» EXTRACTED DATA
★ ★ ★ ★ ★ ★ ★

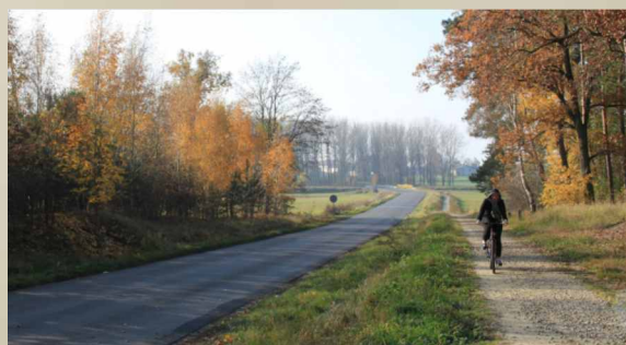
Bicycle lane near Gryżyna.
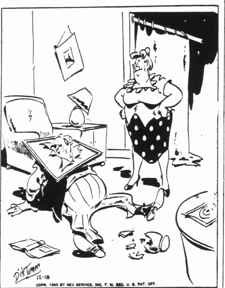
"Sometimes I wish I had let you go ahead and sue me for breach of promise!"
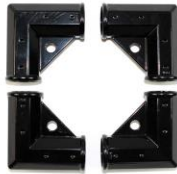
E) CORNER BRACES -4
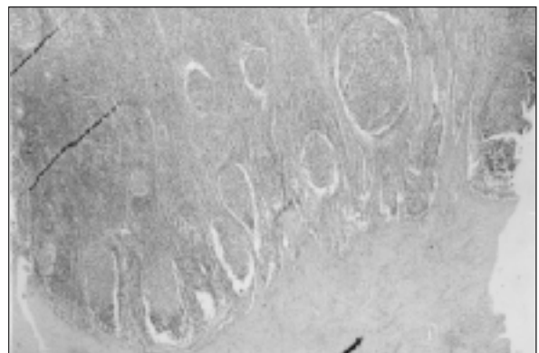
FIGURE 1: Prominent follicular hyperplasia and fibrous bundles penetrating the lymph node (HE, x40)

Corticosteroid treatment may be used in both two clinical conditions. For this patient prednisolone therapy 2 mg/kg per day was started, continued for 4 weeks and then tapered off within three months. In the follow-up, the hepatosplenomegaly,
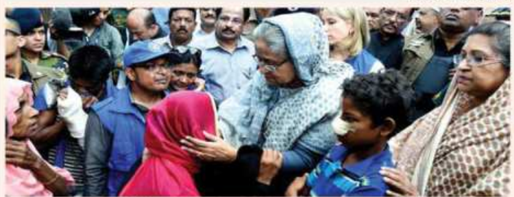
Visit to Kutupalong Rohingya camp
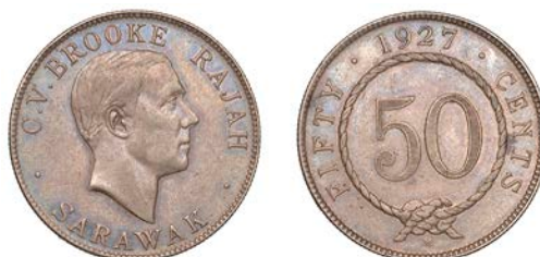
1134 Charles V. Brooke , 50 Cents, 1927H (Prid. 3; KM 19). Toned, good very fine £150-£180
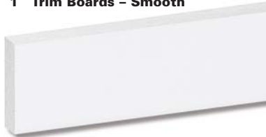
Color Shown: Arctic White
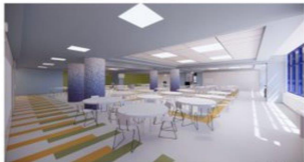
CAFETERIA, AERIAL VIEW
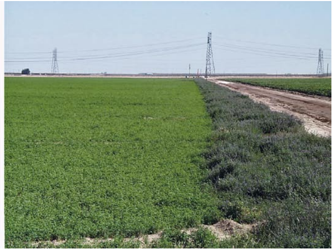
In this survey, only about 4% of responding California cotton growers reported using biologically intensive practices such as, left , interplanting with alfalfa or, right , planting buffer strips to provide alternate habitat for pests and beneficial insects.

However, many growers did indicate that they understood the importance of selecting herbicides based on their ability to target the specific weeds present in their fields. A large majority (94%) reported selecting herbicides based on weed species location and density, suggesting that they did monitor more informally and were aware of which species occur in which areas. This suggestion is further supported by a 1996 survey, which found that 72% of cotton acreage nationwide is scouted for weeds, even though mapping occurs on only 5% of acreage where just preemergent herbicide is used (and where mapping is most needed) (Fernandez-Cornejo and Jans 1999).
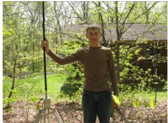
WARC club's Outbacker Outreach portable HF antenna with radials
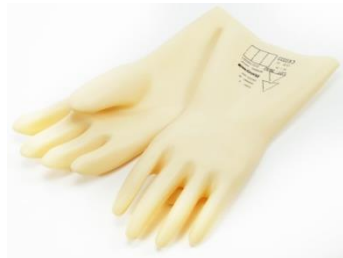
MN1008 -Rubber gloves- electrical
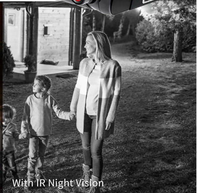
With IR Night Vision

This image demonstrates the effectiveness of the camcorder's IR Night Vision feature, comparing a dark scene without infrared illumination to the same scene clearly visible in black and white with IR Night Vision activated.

★ ★ ★ ★ ★ ★ ★

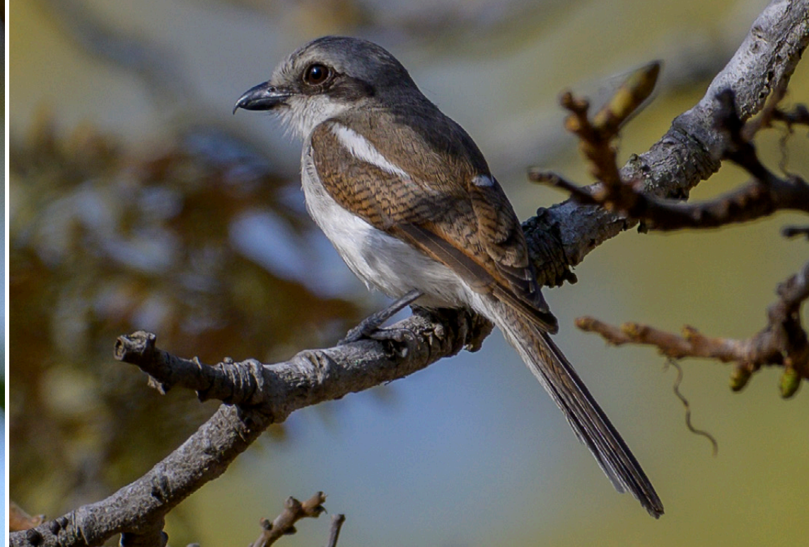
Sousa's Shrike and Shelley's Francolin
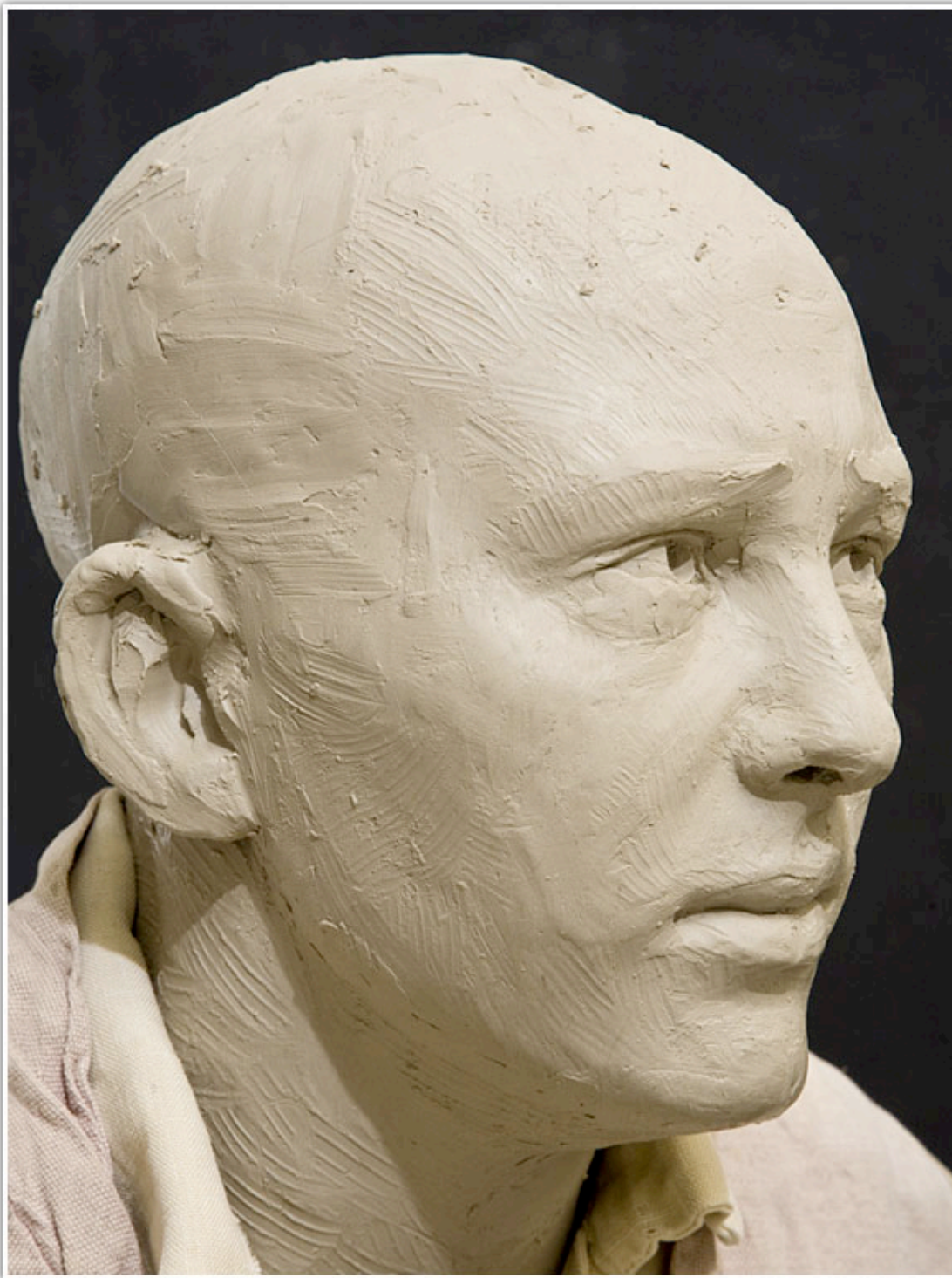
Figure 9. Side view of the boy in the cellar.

★ ★ ★ ★ ★ ★ ★

» WORK REQUEST
Going through the entries above, tally each line that has the word "cotton". Answer with the number only.

» THE ANSWER
2